M. Christian MOREAU, urbaniste - La forêt assure bien cette triple fonction, c'est une fonction de protection, de production et de loisirs, mais c'est un tort de penser qu'il y a des forêts qui sont dévouées à la protection, à la production ou encore aux loisirs. Elle doit assumer cette triple fonctionnalité. C'est tellement vrai que cette idée de multifonctionnalité de la forêt est portée au niveau de l'ensemble de l'activité agricole.

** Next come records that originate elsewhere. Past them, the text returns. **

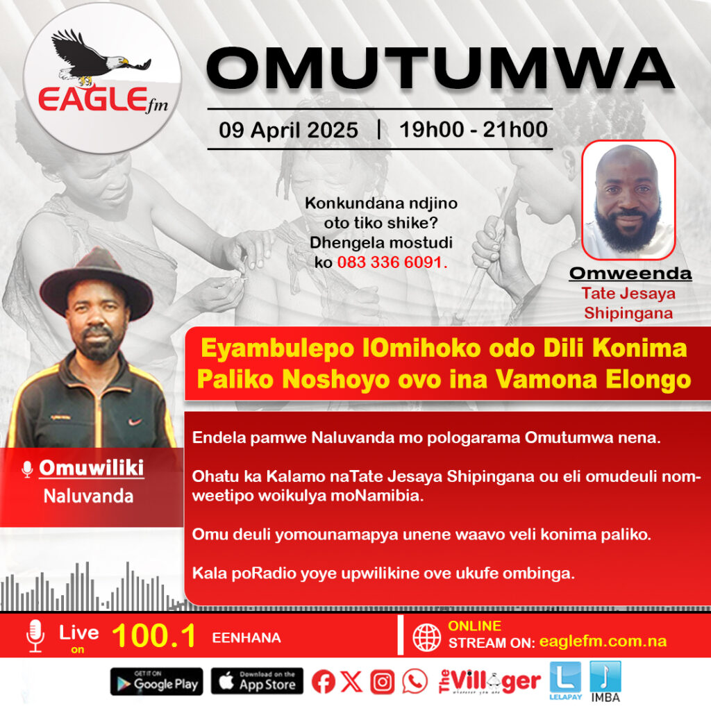OMUTUMWA PAMWE NA NALUVANDA (9 APRIL 2025) 9th April 2025 / EAGLE FM Eyambulepo lOmihoko odo Dili Konima Paliko Noshoyo ovo ina Vamona Elongo Endela pamwe Naluvanda mo pologarama Omutumwa nena. Ohatu ka Kalamo naTate Jesaya Shipingana ou eli omudeuli nomweetipo woikulya moNamibia.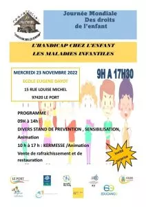 Participez à la journée d’animation et de sensibilisation ce mercredi 23 novembre à l’école Eugène Dayot à la Rivière des Galets. Plusieurs stands seront installés afin de vous informer sur les droits de l’enfant et particulièrement sur ‘le handicap chez l’enfants et les maladies infantiles’. Des animations et une kermesse sont aussi au programme. Ces activités sont proposées par le Centre culturel Farfar avec le soutien de plusieurs partenaires dont la ville du Port dans le cadre de la journée internationale des Droits de l’Enfant (Nations Unies) et la journée mondiale de défense et de promotion des droits de l’enfant (France, 1996) du 20 novembre.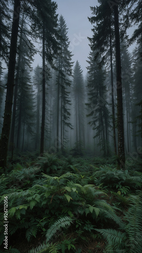 Whispering Pines: A Misty Morning Among Towering Trees and Lush Ferns

M. Mathieu CALAMME - Une remarque qui a trait à ce qui se passe en Allemagne : quand j'ai fait ma dernière année d'étude en Allemagne, il y avait un document émanant de l'équivalent de l'ONF allemande qui disait que compte tenu de la densité de leur population, pour la moitié nord de l'Allemagne, le rôle des loisirs devenait le rôle principal. Le conflit de la forêt sur l'usage est plus un conflit entre chasseurs et promeneurs qu'entre promeneurs et forestiers puisque l'ONF sait très bien isoler une zone momentanément pour qu'il y ait des repousses naturelles ou une plantation artificielle qui ne soit pas pénétrée par les promeneurs. En Ile-de- France, le revenu généré par la chasse est énorme, la forêt nous la louions 240 000 F par an.

Les terres sont la propriété d'une SCEA dont la fondation est actionnaire majoritaire, nous n'avons pas de problème de fermage. Pour avoir travaillé avec M. Hervé Morize, le statut du fermage est de moins en moins adapté à la réalité de la société française et ira en disparaissant.

M. Etienne Lapèze , président de la FNSAFER - Je réagis parce qu'il ne faudrait pas qu'à cause de l'incapacité politique d'adapter le statut de fermage, qu'il faille dire qu'il doit disparaître.